Q52 サキヤミ VS ヒコツ①
ユアドームを離れたしとねたちは北の凍った湖にあるポッツンドームに向けて、ひたすら緩やかで薄っすらと雪が積もった坂を歩いていた。
相変わらず空は陰鬱なほど仄暗く、気温は真冬並みに下がっているのだがダビィコスチューム(ダビコス)のおかげでしとねたちは比較的快適に進むことができた。
持参してきたお菓子を頬張るたびに白い吐息が立ち昇っていく。
しとねは大食いであるためか、腹持ちの悪いスナック菓子系統ではなく、ほとんどがチョコレート類をチョイスしており、自分の判断は間違ってなかったと安堵していた。
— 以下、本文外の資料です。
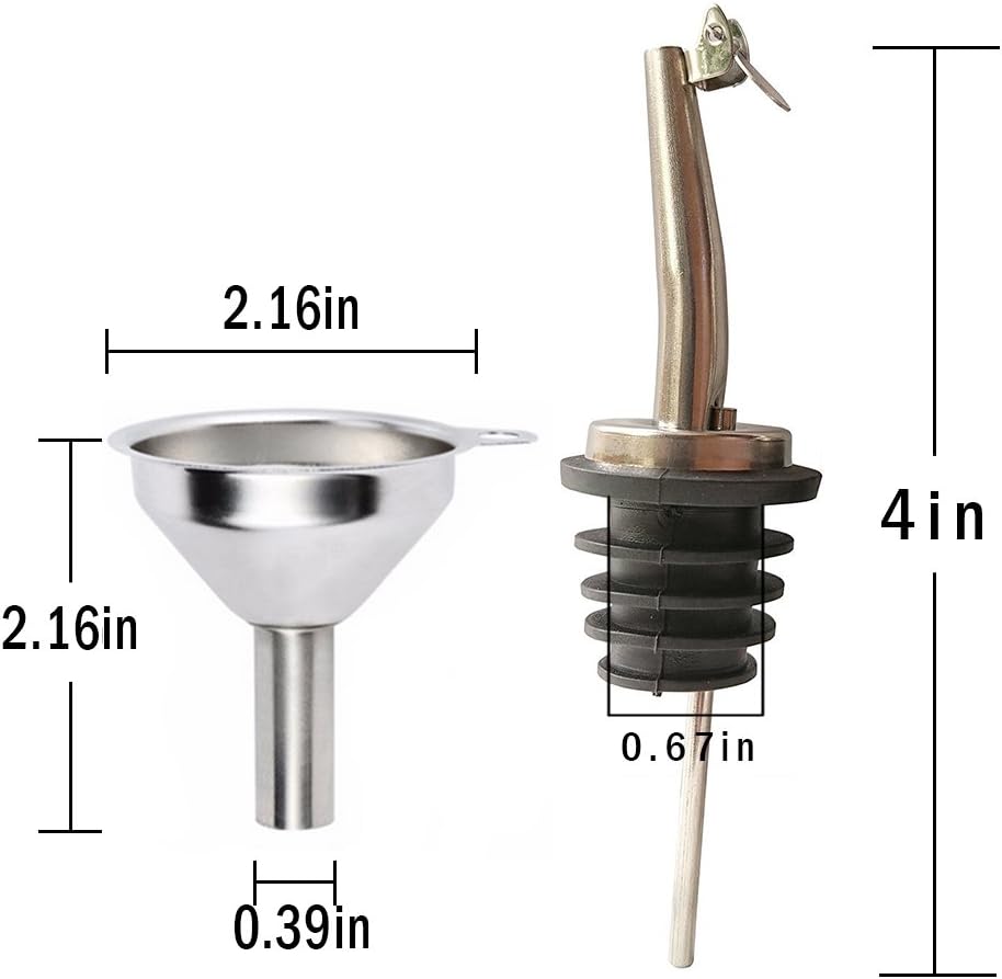 محتويات العبوة: قطعتان من فوهة زيت الزيتون، قطعة واحدة من أقماع من الستانلس ستيل. تناسب فوهة الزجاجة بمقاس 0.67 - 0.75 انش. يرجى قياس حجم فم الزجاجة قبل الشراء.

先導していくプモが雪山を元気に駆ける野兎のように、くっきりとした兎の足跡を雪の上に残していく。
「これを見ると、プモのことがようやく白兎に見えてくるわ。うんうん、よかったよかった」
「本当に失礼よねえ、しとねちゃん。あたしのこと何だと思ってるわけ?」
プモは軽く後ろを見やって目を細めた。
「変態だね。うん」
しとねはきっぱりと答えたので、「しどいわあ。というか、変態ってあまりにも大きな括りになってない?」と嘆くようにプモは言った。
「にしても、遠くない?あ~あ、早く家に帰って猫を抱き寄せたいなあ」
「お、もろみかあ。俺も一度会いたいなあ、ダメだよね?」
「え~それはお店的にはご法度ですよ。プライベートではお会いしちゃダメでしょ?もう、久形さん悪い大人なんだからなあ。けどまあ、もろみを一度は見てもらいたい気持ちはあるんだよねえ。お店に連れていったら、怒られるかな?」
「うん、それは怒られるね。はあ、だよねえ。はは、ごめん」
久形は内心わかってはいたものの、しょんぼりとして軽く項垂れた。
「ったく、本当に緊張感のない人たちね!ほら、そろそろ中間地点よぉ。ちゃんと身構えておきなさいよぉ、何が待ち構えているかしらねえ」
延々と続いていた坂道が終わり、開けた土地がしとねたちを迎え入れる。
そこには古びた民家を改装したお店や由緒ある旅館、そして温泉が点在する街があった。
「ほお、これはこれは。何やら素敵な町並みですよ。硫黄の匂いもあるし、冷え切った体には我慢できないよ~」
しとねは両手をふりふりしながら涙目でプモに「休憩しようぜ」と求めたが即刻「無理に決まってるでしょ」と言われて不機嫌に口を真一文字に結んだのだった。
「しとねちゃん、確かにここは現実世界で言うと、氷笏川温泉街になるみたいだけどぉ、そんな呑気に温泉でも浸かって日本酒で一杯やろうなんて時間はないのよ!ほら、見てごらんなさい。見覚えのある方々が向こうでお待ちのようよ」
プモが指し示す先を見やると、しとねは明らかに嫌悪感を露にして「うげええ」とベロを出した。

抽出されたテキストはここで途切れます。